• _WHAT THE EXERCISE ASKS_: Look below for the line that contains "Take a look at this" and the line that contains "特征比穩定在8.76~10.21, 符合厭氧氨氧化反應方程式, 表明上向流厭氧氨氧化生物濾柱啟動成功.", then restate both of them and every line in between, exactly. No picture goes in the copy.

• _DATA PROVIDED_:
+++

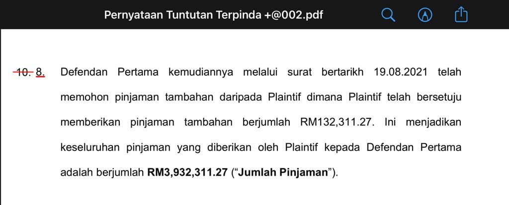 Beliau pada masa sama turut memuat naik tangkap layar penyataan tuntutan yang mendedahkan sedikit butiran mengenai pinjaman yang diminta oleh KAFA pada Ogos 2021.
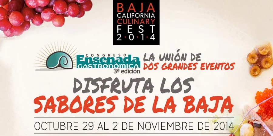 El Baja California Culinary Fest y Ensenada Gastronómica se realizarán el miércoles 29, jueves 30 y viernes 31 de octubre y sábado 1 y domingo 2 de noviembre de 2014.
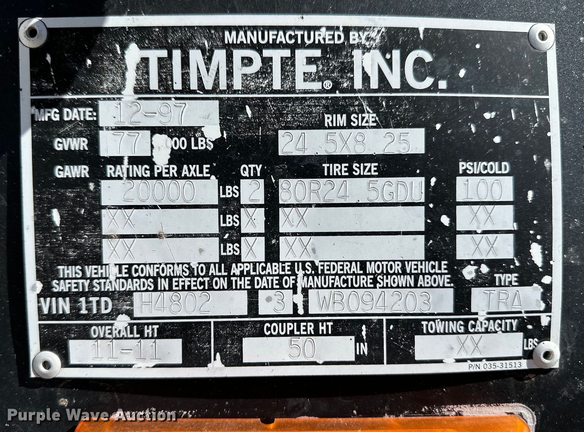 Take a look at this used 1998 Timpte grain trailer being sold on May 2nd, 2024 in the SOLD! May 02 Truck and Trailer Auction made by Timpte. Take a look at all of the item information below or take a look at similar auctions for Ag Trailers.
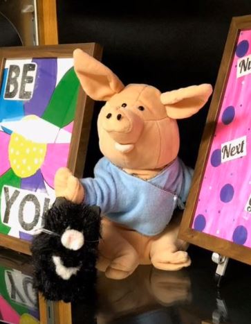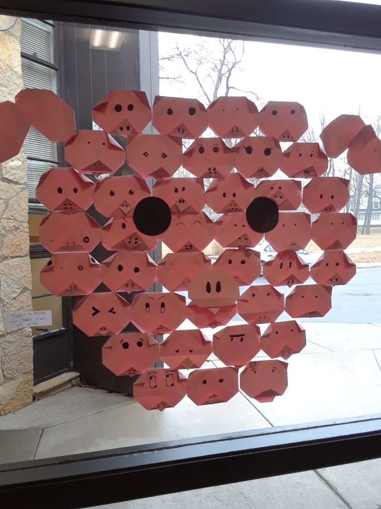 The entire school building was transformed during our five-week event. Check out the large world map that documented Flora’s travels. My co-worker marked new places each week as we read the story. As visitors came to the lobby, they could see just where we were in the journey. What a great geography connection, right? That same outstanding teacher make vocab displays in several locations throughout the building for mini-lessons on context clues. The art teacher helped students construct adorable origami pigs that collaged into this full-size window display. We also had chapter trivia questions and a weekly trivia video. Every day students hunted for our stuffed Flora hiding somewhere in the school. Check out this Adobe Spark video I created to summarize the entire experience!
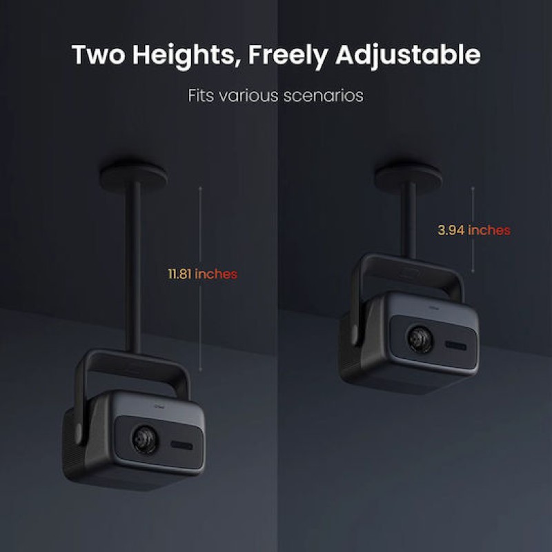 Η βάση οροφής JMGO 61010041 είναι ειδικά σχεδιασμένη για τους προβολείς της σειράς JMGO (όπως N1S Ultimate, N1S Pro, N1S Ultra, N1 Ultra και N1 Pro) και προσφέρει σταθερή και κομψή τοποθέτηση σε οροφή. Διαθέτει δυνατότητα περιστροφής 360°, επιτρέποντας ακριβή ρύθμιση της γωνίας προβολής, ενώ παρέχει και ρυθμιζόμενο ύψος με δύο επιλογές (περίπου 11,8 cm και 30 cm) για μεγαλύτερη ευελιξία στην εγκατάσταση. Είναι κατασκευασμένη από ανθεκτικά υλικά αεροδιαστημικής ποιότητας σε στιβαρό Τ-σχήμα, προσφέροντας ασφάλεια και αντοχή στο χρόνο.
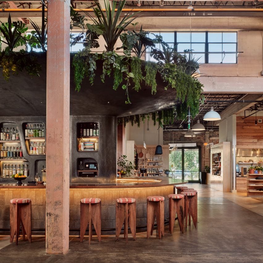 El camino circulante principal se extiende a lo largo de la columna central del edificio, creando momentos de descubrimiento y vista para diferentes artesanos a medida que los visitantes abordan la característica. Mezaleria bar.
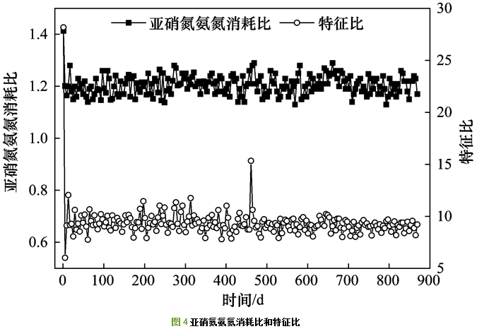 反應器改為連續進水出水的第1 d, 總氮去除率為13.8%.但亞硝氮氨氮消耗比為1.41, 特征比為28.17, 不滿足厭氧氨氧化方程式.分析其原因, 可能是由于火山巖填料對基質的吸附作用.隨著吸附達到飽和, 總氮去除率明顯降低, 第4 d時, 總氮去除率由13.8%降低到5.2%.反應器繼續運行, 氨氮和亞硝氮去除效果逐漸提高, 出水硝氮濃度逐步增加.第109 d時, 連續15 d氨氮和亞硝氮去除率大于90%, 總氮去除率大于70%, 亞硝氮氨氮消耗比穩定在1.17~1.26, 特征比穩定在8.76~10.21, 符合厭氧氨氧化反應方程式, 表明上向流厭氧氨氧化生物濾柱啟動成功.
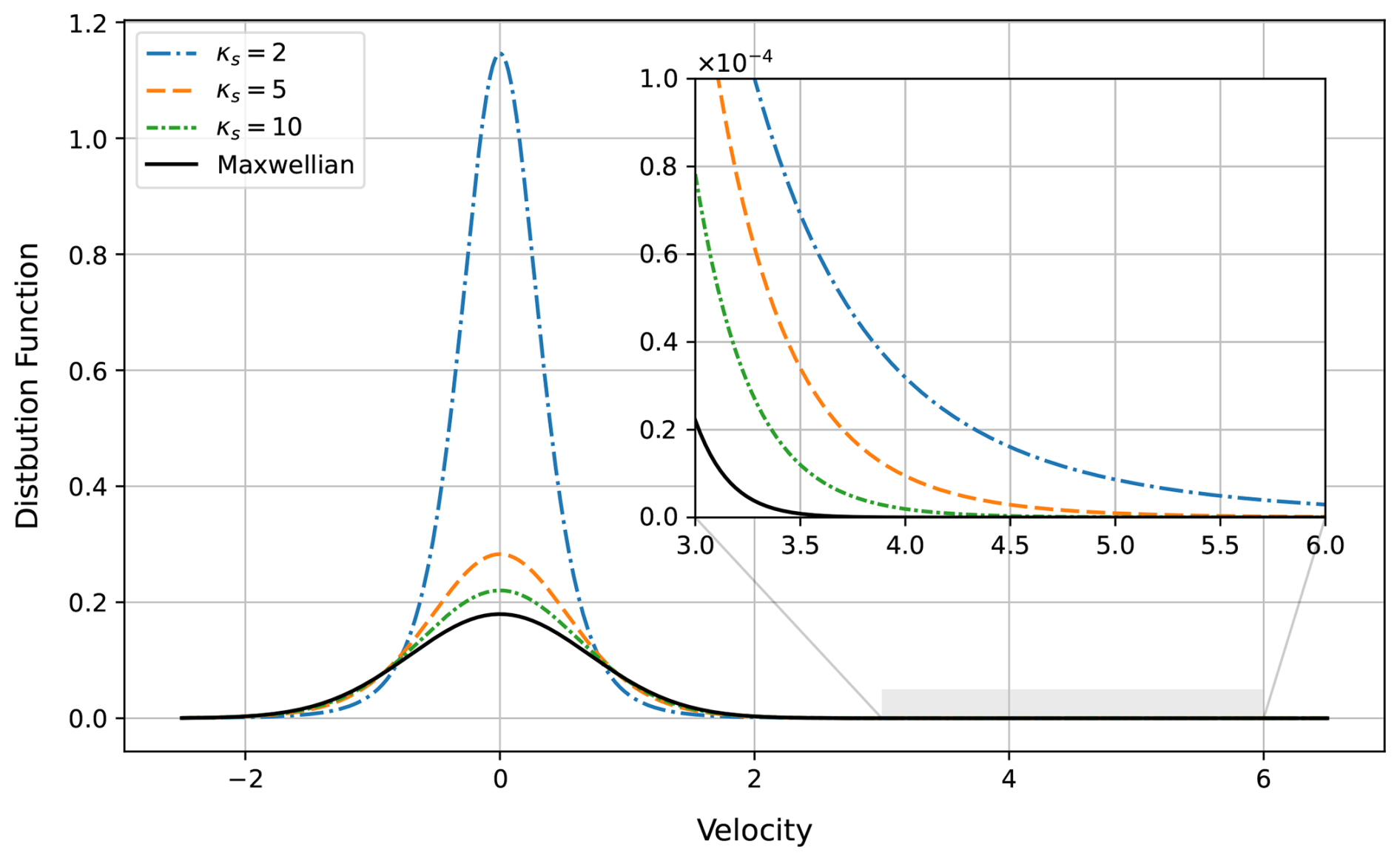 Figure 1A schematic comparison between modified Kappa velocity distributions for κs values 2, 5, and 10, and the Maxwellian velocity distribution.
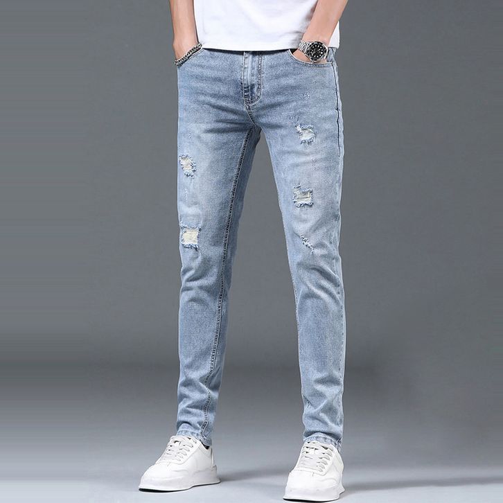 Celana Jeans Pria Sobek Abu Grey Slimfit Stretch Panjang Cowok Ripped Skinny Pensil Celana Denim Dewasa Robek Korea Styl
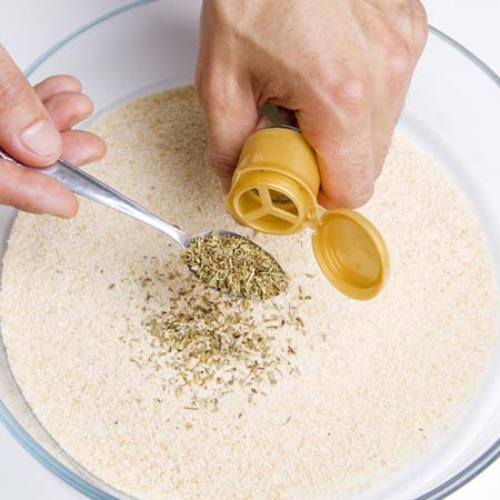 Mescolare al pangrattato un cucchiaino di erbe aromatiche RICETTA DI Provenza CANNAMELA.
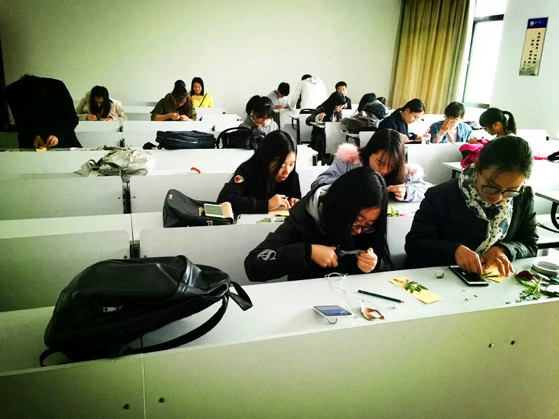 落叶书签,顾名思义,即是用各式各样的落叶在空白书签上勾画,最后编织成一张精美的个性书签。本次活动共吸引了44组,共96人参加,各队在有限的时间内,发挥无限的想象,通过用剪刀、胶水、彩笔等工具,非常细心地为落叶书签作更好的修饰,比赛现场热闹非凡。作品制作完成后,参赛人员向评委们展示作品,阐述作品名称以及设计理念。评委们从创新、美观等方面打分。结合微信投票成绩,本次比赛共决出一等奖一名,二等奖两名,三等奖三名。最终,具有独特视野的异类、充满活力的春之女孩和浪漫旖旎的梦中情人获得比赛的前三名。

+++

• _EXPECTED OUTPUT_:
 Take a look at this used 1998 Timpte grain trailer being sold on May 2nd, 2024 in the SOLD! May 02 Truck and Trailer Auction made by Timpte. Take a look at all of the item information below or take a look at similar auctions for Ag Trailers.
 The entire school building was transformed during our five-week event. Check out the large world map that documented Flora’s travels. My co-worker marked new places each week as we read the story. As visitors came to the lobby, they could see just where we were in the journey. What a great geography connection, right? That same outstanding teacher make vocab displays in several locations throughout the building for mini-lessons on context clues. The art teacher helped students construct adorable origami pigs that collaged into this full-size window display. We also had chapter trivia questions and a weekly trivia video. Every day students hunted for our stuffed Flora hiding somewhere in the school. Check out this Adobe Spark video I created to summarize the entire experience!
 Η βάση οροφής JMGO 61010041 είναι ειδικά σχεδιασμένη για τους προβολείς της σειράς JMGO (όπως N1S Ultimate, N1S Pro, N1S Ultra, N1 Ultra και N1 Pro) και προσφέρει σταθερή και κομψή τοποθέτηση σε οροφή. Διαθέτει δυνατότητα περιστροφής 360°, επιτρέποντας ακριβή ρύθμιση της γωνίας προβολής, ενώ παρέχει και ρυθμιζόμενο ύψος με δύο επιλογές (περίπου 11,8 cm και 30 cm) για μεγαλύτερη ευελιξία στην εγκατάσταση. Είναι κατασκευασμένη από ανθεκτικά υλικά αεροδιαστημικής ποιότητας σε στιβαρό Τ-σχήμα, προσφέροντας ασφάλεια και αντοχή στο χρόνο.
 El camino circulante principal se extiende a lo largo de la columna central del edificio, creando momentos de descubrimiento y vista para diferentes artesanos a medida que los visitantes abordan la característica. Mezaleria bar.
 反應器改為連續進水出水的第1 d, 總氮去除率為13.8%.但亞硝氮氨氮消耗比為1.41, 特征比為28.17, 不滿足厭氧氨氧化方程式.分析其原因, 可能是由于火山巖填料對基質的吸附作用.隨著吸附達到飽和, 總氮去除率明顯降低, 第4 d時, 總氮去除率由13.8%降低到5.2%.反應器繼續運行, 氨氮和亞硝氮去除效果逐漸提高, 出水硝氮濃度逐步增加.第109 d時, 連續15 d氨氮和亞硝氮去除率大于90%, 總氮去除率大于70%, 亞硝氮氨氮消耗比穩定在1.17~1.26, 特征比穩定在8.76~10.21, 符合厭氧氨氧化反應方程式, 表明上向流厭氧氨氧化生物濾柱啟動成功.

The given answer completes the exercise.